The US House of Representatives on Wednesday passed a foreign assistance spending bill with an amendment forbidding that funds be used to create, procure or display maps depicting Taiwan as part of the People’s Republic of China.
The amendment was introduced by five Republican representatives — Tom Tiffany, Steve Chabot, Scott Perry, Kat Cammack and Mike Gallagher — and passed unanimously in a bundle with a dozen other amendments.
“This is a common sense measure,” Tiffany said, speaking on the House floor on Wednesday. “As we all know, Taiwan has never been part of communist China. The Taiwanese people elect their own leaders, raise their own armed forces, conduct their own foreign policy and maintain their own international trade agreements.”
“By every measure, Taiwan is a sovereign, democratic and independent country,” he said. “Any claims to the contrary are simply false.”
Tiffany told his colleagues that the US should abandon its dishonest “one China” policy, which acknowledges “Beijing’s bogus argument that Taiwan is part of Communist China.”
While this amendment cannot achieve that goal, it would “at least require honest maps that stop perpetuating the ‘one China’ lie,” he added.
The full spending bill, titled “Department of State, Foreign Operations and Related Programs Appropriations Act 2022,” passed with a 217-212 vote. The bill next heads to the US Senate and, if approved, would be sent to US President Joe Biden to be signed into law.
In other news, a US Navy destroyer on Wednesday transited the Taiwan Strait, the seventh time a US battleship has navigated the waterway separating Taiwan and China since Biden took office on Jan. 20.

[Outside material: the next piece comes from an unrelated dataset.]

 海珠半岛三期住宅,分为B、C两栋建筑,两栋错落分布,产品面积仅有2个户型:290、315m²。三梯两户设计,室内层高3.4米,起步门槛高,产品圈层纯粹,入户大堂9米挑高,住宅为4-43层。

“The Arleigh Burke-class guided missile destroyer USS Benfold conducted a routine Taiwan Strait transit on Wednesday through international waters in accordance with international law. The ship’s transit through the Taiwan Strait demonstrates the US commitment to a free and open Indo-Pacific,” the US 7th Fleet said in a statement.
“The United States military flies, sails and operates anywhere international law allows,” it said.

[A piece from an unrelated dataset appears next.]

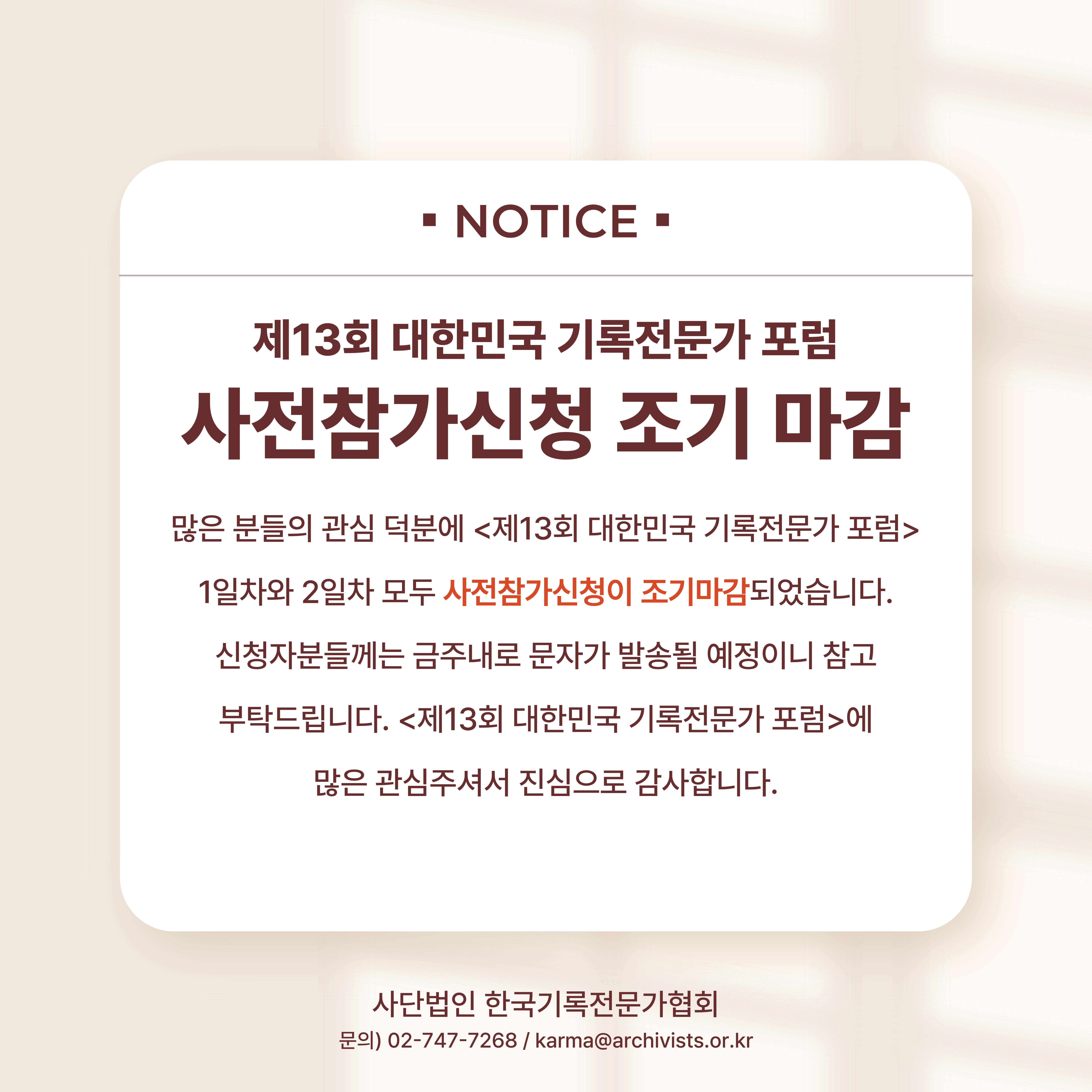 [공지] 제13회 대한민국 기록전문가 포럼 사전참가신청 조기마감 안내

Since January, US warships — all Arleigh Burke-class guided missile destroyers — have made similar transits through the Strait.

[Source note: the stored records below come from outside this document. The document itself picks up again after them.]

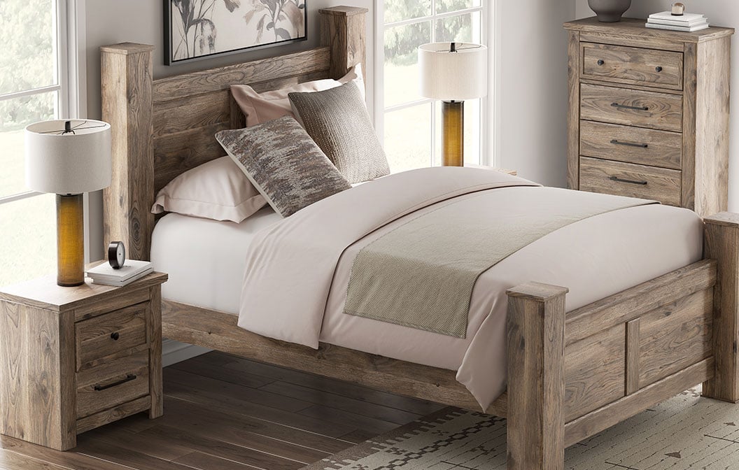 Classically chic. This poster Series marries traditional design with modern accents. Its deep brown finish recalls the authentic touch of hickory grain for a rich look and feel. Thick posts and a large-scale silhouette lend an elevated air. Sincere in its styling, this piece sets the scene for a warm, welcoming vibe in your bedroom.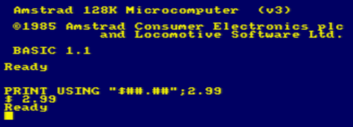 I just pulled up the TRS-80 Level II manual at: http://www.akhara.com/trs-80/docs/model1/Level%20II%20BASIC%20Reference%20Manual%20(1979)(Radio%20Shack)(pdf).zip On pages starting at 3-4 the 'Print Using' command is documented. I was surprised they didn't include left and right justification of the numbers. But other than that it did provide a lot of help getting things formatted properly. It would appear the author of the 'Print Using' envisioned it would be used heavily for printing checks. There is a lot of emphasis on printing the $ sign immediately in front of the number and filling unused space with * characters. |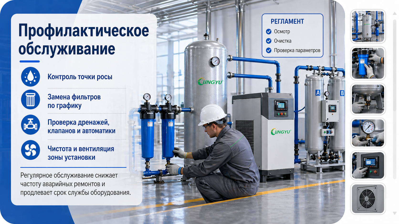 Лучший способ сократить количество аварийных ремонтов — это регулярное техническое обслуживание. Осушитель, который обслуживается по графику, работает эффективнее и реже выходит из строя неожиданно.

The USS John S. McCain sailed through the waters on Feb. 4 and April 7; the USS Curtis Wilbur on Feb. 24, May 18 and June 22; and the USS John Finn on March 10.
Over the past few years, the US has sent warships into the region in what is seen as an attempt to counterbalance China’s growing military presence in the Taiwan Strait, the South China Sea and neighboring waters, and to show its continued commitment to maintaining peace and stability in the region.
In Taipei yesterday, the Ministry of National Defense confirmed the passage of the USS Benfold through the Strait.
During the ship’s passage, sailing from south to north, the military used joint intelligence, surveillance and reconnaissance tools to monitor movements at sea and in the air around Taiwan, the ministry said, describing the situation as normal.
However, the US warship’s passage was met with strong criticism from China yesterday.
Shi Yi (施毅), a spokesperson for the Chinese People’s Liberation Army Eastern Theater Command, described the maneuver as yet another provocative move by the US.